Mollivirus sibericum, another giant virus, was found alongside P. sibericum in the same 30,000-year-old Siberian permafrost samples. Though not a direct threat to humans or animals, the proximity of these two giant viruses left scientists concerned about the potential treasure trove of pathogens that the permafrost might be hiding.

“We cannot rule out that distant viruses of ancient Siberian human (or animal) populations could reemerge as Arctic permafrost layers melt and/or are disrupted by industrial activities,” the researchers warned in their 2015 study.

The return of smallpox

Smallpox was eradicated by the World Health Organization in 1980. However, in 2004, French and Russian scientists discovered traces of smallpox in an icy 300-year-old Siberian mummy, frozen in the tundra of Russia’s Sakha Republic.

The chilling discovery can be traced back to the late 17th to early 18th centuries when the Siberian region was gripped by a severe smallpox outbreak. This mummy was discovered in a mass grave, a hastily arranged burial site from that era, preserved perfectly in the permafrost. Notably, this burial was unusual, as it contained not one but five frozen mummies, all believed to be victims of the same smallpox outbreak.

Climate change and an unclear future

For the authors of the new paper in the journal Viruses, this discovery of the 2004 smallpox virus serves as a grim example of the potential threat thawing permafrost may pose. “Probably for safety/regulatory reasons, there were not follow-up studies attempting to “revive” these viruses (fortunately).”

However, the lack of attempts to reanimate these viruses does not discount the possibility that they might revive on their own, given the right conditions.
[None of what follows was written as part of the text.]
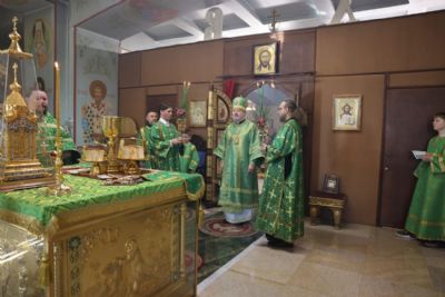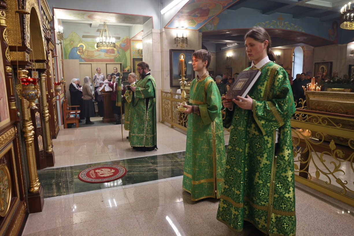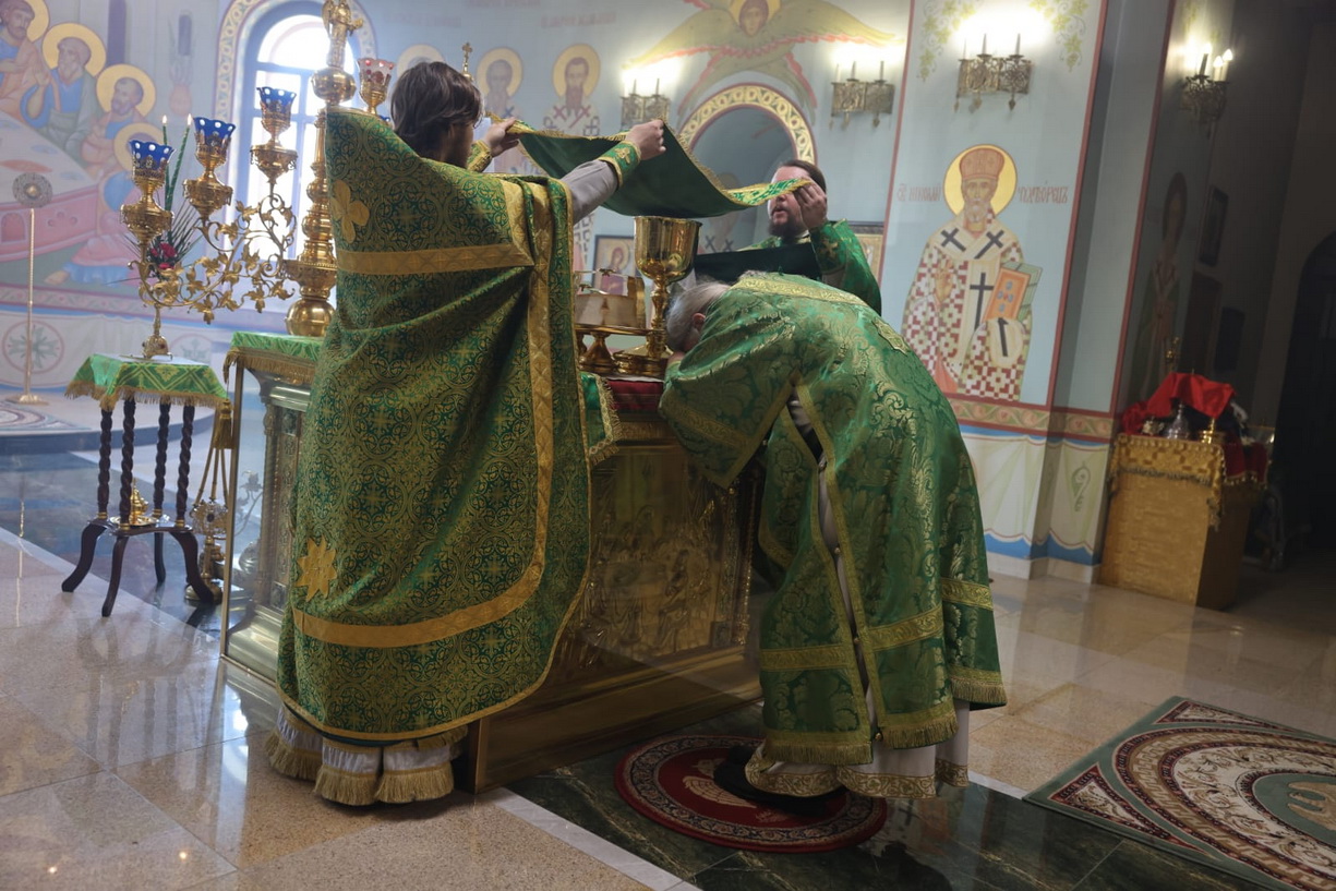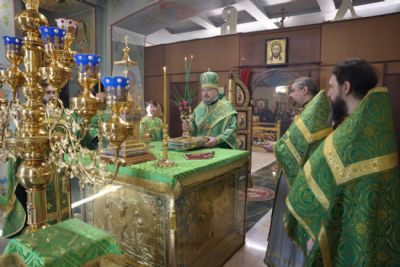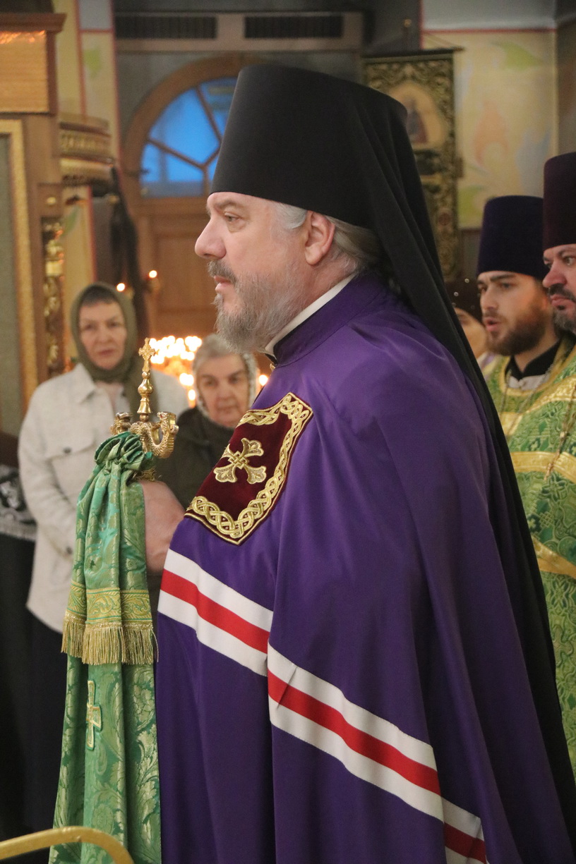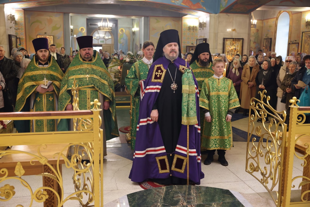 Его Преосвященству сослужили: иерей Виталий Шаркеев; иерей Андрей Попов; иеромонах Ермоген (Крещенко); иерей Илия Гречишников.

Permafrost is melting at unprecedented rates, potentially setting the stage for ancient pathogens to return. “Very few studies have been published on this subject,” said the researchers.

While these zombie viruses may not pose an immediate threat, their re-emergence is a stark reminder of the potential health risks associated with climate change. As scientists continue to study these ancient pathogens, they underscore the importance of understanding and addressing the profound impacts of global warming on our planet’s frozen frontiers.